Assigned task: What is needed is a word-for-word transcript of the listing, free of pictures.
Available data: Begin
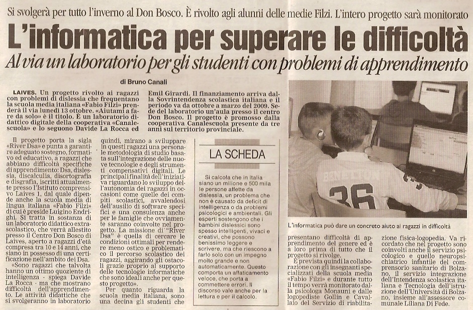 è un’iniziativa promossa da Canalescuola rivolta agli alunni altoatesini con Disturbi Specifici dell’Apprendimento. "RiverDSA" è un progetto pensato per dare supporto fattivo e operativo agli alunni, alle famiglie e alle scuole. "Aiutami a fare da solo" è un laboratorio pomeridiano extrascolastico dove bambini e ragazzi hanno la possibilità di essere seguiti da personale specializzato nello svolgimento dei compiti scolastici, nello studio e nella costruzione di un metodo di studio basato sulla valorizzazione delle abilità personali. Nei laboratori gli alunni, i genitori e gli insegnanti trovano supporto e accoglienza da parte di giovani professionisti nell’ambito della didattica speciale e della psicopedagogia. In questi laboratori vengono così realizzate attività in piccoli gruppi, tutte le attività proposte sono di carattere didattico e tengono conto del contesto socio-culturale-affettivo in cui vive ogni singolo bambino-ragazzo. Le attività sono finalizzate all’autonomia nello studio del bambino-ragazzo con DSA, ad un uso autonomo degli strumenti compensativi, degli strumenti tecnologici e in generale dei supporti didattici.
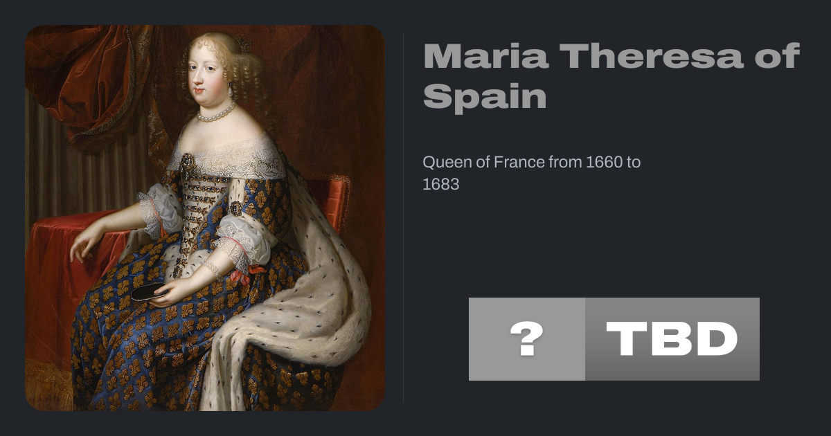 Maria Theresa of Spain (Spanish: MarÃa Teresa de Austria; French: Marie-Thérèse d'Autriche; 10 September 1638 – 30 July 1683) was Queen of France from 1660 to 1683 as the wife of King Louis XIV. She was born an Infanta of Spain and Portugal as the daughter of King Philip IV and Elisabeth of France, and was also an Archduchess of Austria as a...
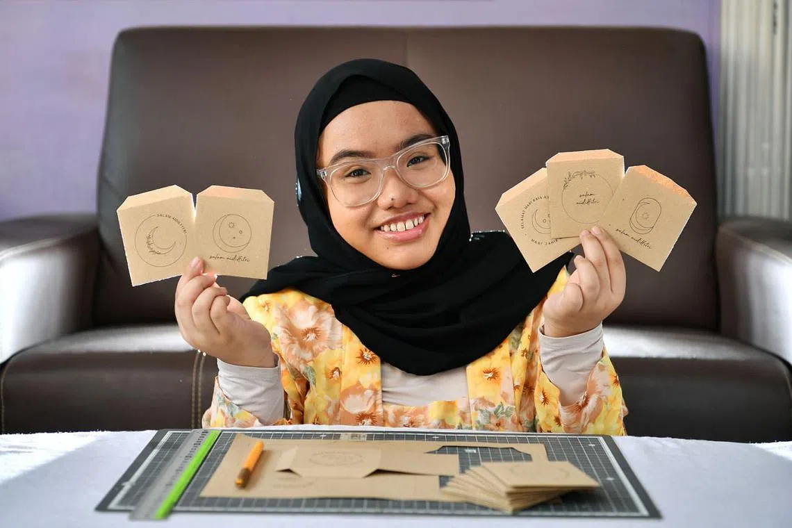 Cik Yulianna, 21 tahun, menghasilkan sampul yang diperbuat daripada kertas yang dikitar semula tahun ini. Namun, ini bukan kali pertama beliau menghasilkan sampul duit Raya sendiri untuk dijual menjelang Aidilfitri.
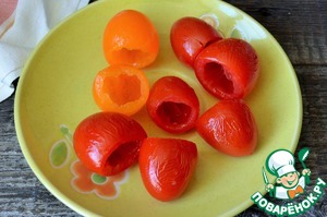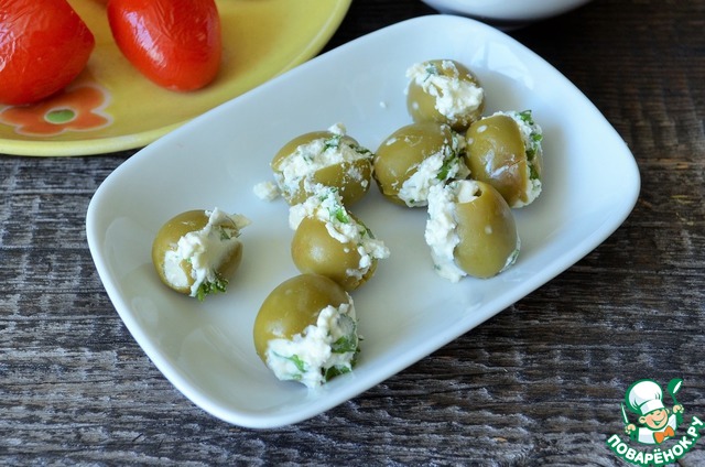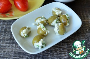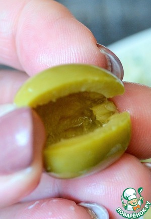 По чуть-чуть массы и маслины вложить в черри, слегка уплотнив.
Available data: End
Response box:
 è un’iniziativa promossa da Canalescuola rivolta agli alunni altoatesini con Disturbi Specifici dell’Apprendimento. "RiverDSA" è un progetto pensato per dare supporto fattivo e operativo agli alunni, alle famiglie e alle scuole. "Aiutami a fare da solo" è un laboratorio pomeridiano extrascolastico dove bambini e ragazzi hanno la possibilità di essere seguiti da personale specializzato nello svolgimento dei compiti scolastici, nello studio e nella costruzione di un metodo di studio basato sulla valorizzazione delle abilità personali. Nei laboratori gli alunni, i genitori e gli insegnanti trovano supporto e accoglienza da parte di giovani professionisti nell’ambito della didattica speciale e della psicopedagogia. In questi laboratori vengono così realizzate attività in piccoli gruppi, tutte le attività proposte sono di carattere didattico e tengono conto del contesto socio-culturale-affettivo in cui vive ogni singolo bambino-ragazzo. Le attività sono finalizzate all’autonomia nello studio del bambino-ragazzo con DSA, ad un uso autonomo degli strumenti compensativi, degli strumenti tecnologici e in generale dei supporti didattici.
 Maria Theresa of Spain (Spanish: MarÃa Teresa de Austria; French: Marie-Thérèse d'Autriche; 10 September 1638 – 30 July 1683) was Queen of France from 1660 to 1683 as the wife of King Louis XIV. She was born an Infanta of Spain and Portugal as the daughter of King Philip IV and Elisabeth of France, and was also an Archduchess of Austria as a...
 Cik Yulianna, 21 tahun, menghasilkan sampul yang diperbuat daripada kertas yang dikitar semula tahun ini. Namun, ini bukan kali pertama beliau menghasilkan sampul duit Raya sendiri untuk dijual menjelang Aidilfitri.
 По чуть-чуть массы и маслины вложить в черри, слегка уплотнив.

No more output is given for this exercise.